Each agent outputs structured JSON with findings and SUMMARY line.

Task Management (CC 2.1.16)

# Create main fix task
TaskCreate(
  subject="Fix issue #{number}",
  description="Systematic issue resolution with hypothesis-based RCA",
  activeForm="Fixing issue #{number}"
)

# Create subtasks for 11-phase process
phases = ["Understand issue", "Search similar issues", "Form hypotheses",
          "Analyze root cause", "Design fix", "Implement fix", "Validate fix",
          "Generate prevention", "Create runbook", "Capture lessons", "Commit and PR"]
for phase in phases:
    TaskCreate(subject=phase, activeForm=f"{phase}ing")

Agent Teams Rca

Agent Teams RCA Workflow

In Agent Teams mode, form an investigation team where RCA agents share hypotheses and evidence in real-time:

TeamCreate(team_name="fix-issue-{number}", description="RCA for issue #{number}")

Task(subagent_type="debug-investigator", name="root-cause-tracer",
     team_name="fix-issue-{number}",
     prompt="""Trace the root cause for issue #{number}: {issue description}
     Hypotheses: {hypothesis list from Phase 3}
     Test each hypothesis. When you find evidence supporting or refuting a hypothesis,
     message impact-analyst and the relevant domain expert (backend-expert or frontend-expert).
     If you find conflicting evidence, share it with ALL teammates for debate.""")

Task(subagent_type="debug-investigator", name="impact-analyst",
     team_name="fix-issue-{number}",
     prompt="""Analyze the impact and blast radius for issue #{number}.
     When root-cause-tracer shares evidence, assess how many code paths are affected.
     Message test-planner with affected paths so they can plan regression tests.
     If the impact is larger than expected, message the lead immediately.""")

Task(subagent_type="backend-system-architect", name="backend-expert",
     team_name="fix-issue-{number}",
     prompt="""Investigate backend aspects of issue #{number}.
     When root-cause-tracer shares backend-related hypotheses, design the fix approach.
     Message frontend-expert if the fix affects API contracts.
     Share fix design with test-planner for test requirements.""")

Task(subagent_type="frontend-ui-developer", name="frontend-expert",
     team_name="fix-issue-{number}",
     prompt="""Investigate frontend aspects of issue #{number}.
     When root-cause-tracer shares frontend-related hypotheses, design the fix approach.
     If backend-expert changes API contracts, adapt the frontend fix accordingly.
     Share component changes with test-planner.""")
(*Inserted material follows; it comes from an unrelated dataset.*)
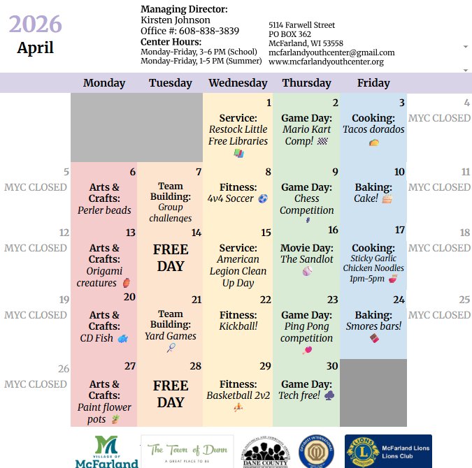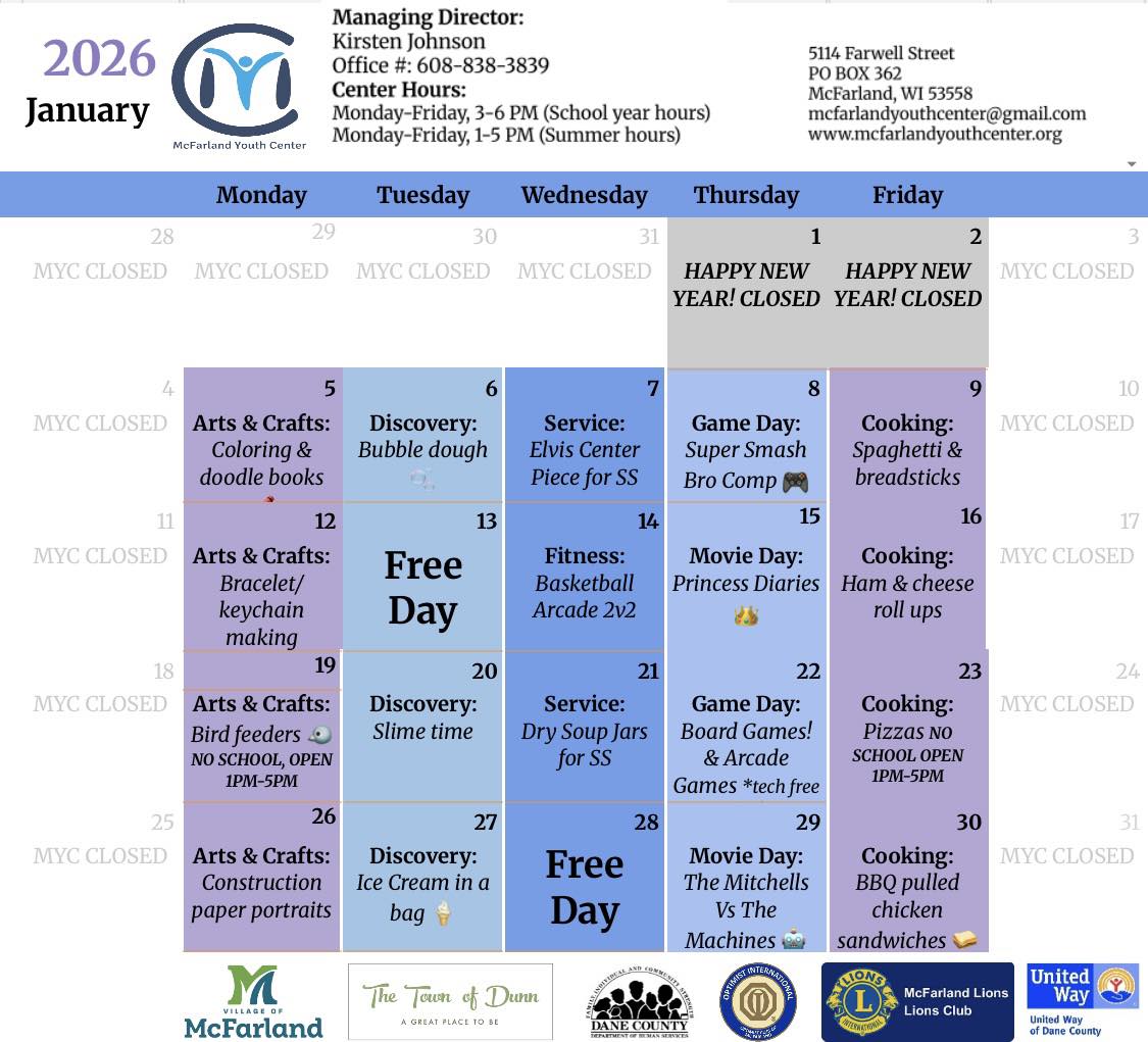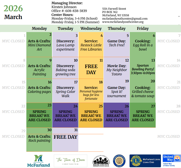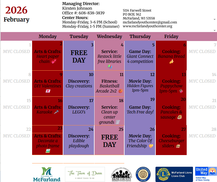 McFarland Youth Center is a free, non-profit youth enrichment program for middle school youth (6th through 8th grade) in the McFarland area. We offer a free space for youth recreational activities, daily hands-on programming, clubs, and volunteer opportunities!

Task(subagent_type="test-generator", name="test-planner",
     team_name="fix-issue-{number}",
     prompt="""Plan regression tests for issue #{number}.
     When root-cause-tracer confirms the root cause, write a failing test that reproduces it.
     When backend-expert or frontend-expert share fix designs, plan verification tests.
     Start with the regression test BEFORE the fix is applied (TDD approach).""")

Team teardown after fix is implemented and validated:

SendMessage(type="shutdown_request", recipient="root-cause-tracer", content="Fix validated")
SendMessage(type="shutdown_request", recipient="impact-analyst", content="Fix validated")
SendMessage(type="shutdown_request", recipient="backend-expert", content="Fix validated")
SendMessage(type="shutdown_request", recipient="frontend-expert", content="Fix validated")
SendMessage(type="shutdown_request", recipient="test-planner", content="Fix validated")
TeamDelete()

Fallback: If team formation fails, use standard Phase 4 Task spawns.

Cc Enhancements

CC 2.1.27+ Enhancements for Fix Issue

Session Resume with PR Context

When you create a PR for the fix, the session is automatically linked:

# Later: Resume with full PR context
claude --from-pr 789

Task Metrics (CC 2.1.30)

Track RCA efficiency across the 5 parallel agents:

## Phase 4 Metrics (Root Cause Analysis)
| Agent | Tokens | Tools | Duration |
|-------|--------|-------|----------|
| debug-investigator #1 | 520 | 12 | 18s |
| debug-investigator #2 | 480 | 10 | 15s |
| backend-system-architect | 390 | 8 | 12s |

**Root cause found in:** 45s total

Tool Guidance (CC 2.1.31)

When investigating root cause:

TaskUseAvoid
Read logs/filesRead(file_path=...)bash cat
Search for errorsGrep(pattern="ERROR")bash grep
Find affected filesGlob(pattern="**/*.py")bash find
Check git historyBash git log/diff(git needs bash)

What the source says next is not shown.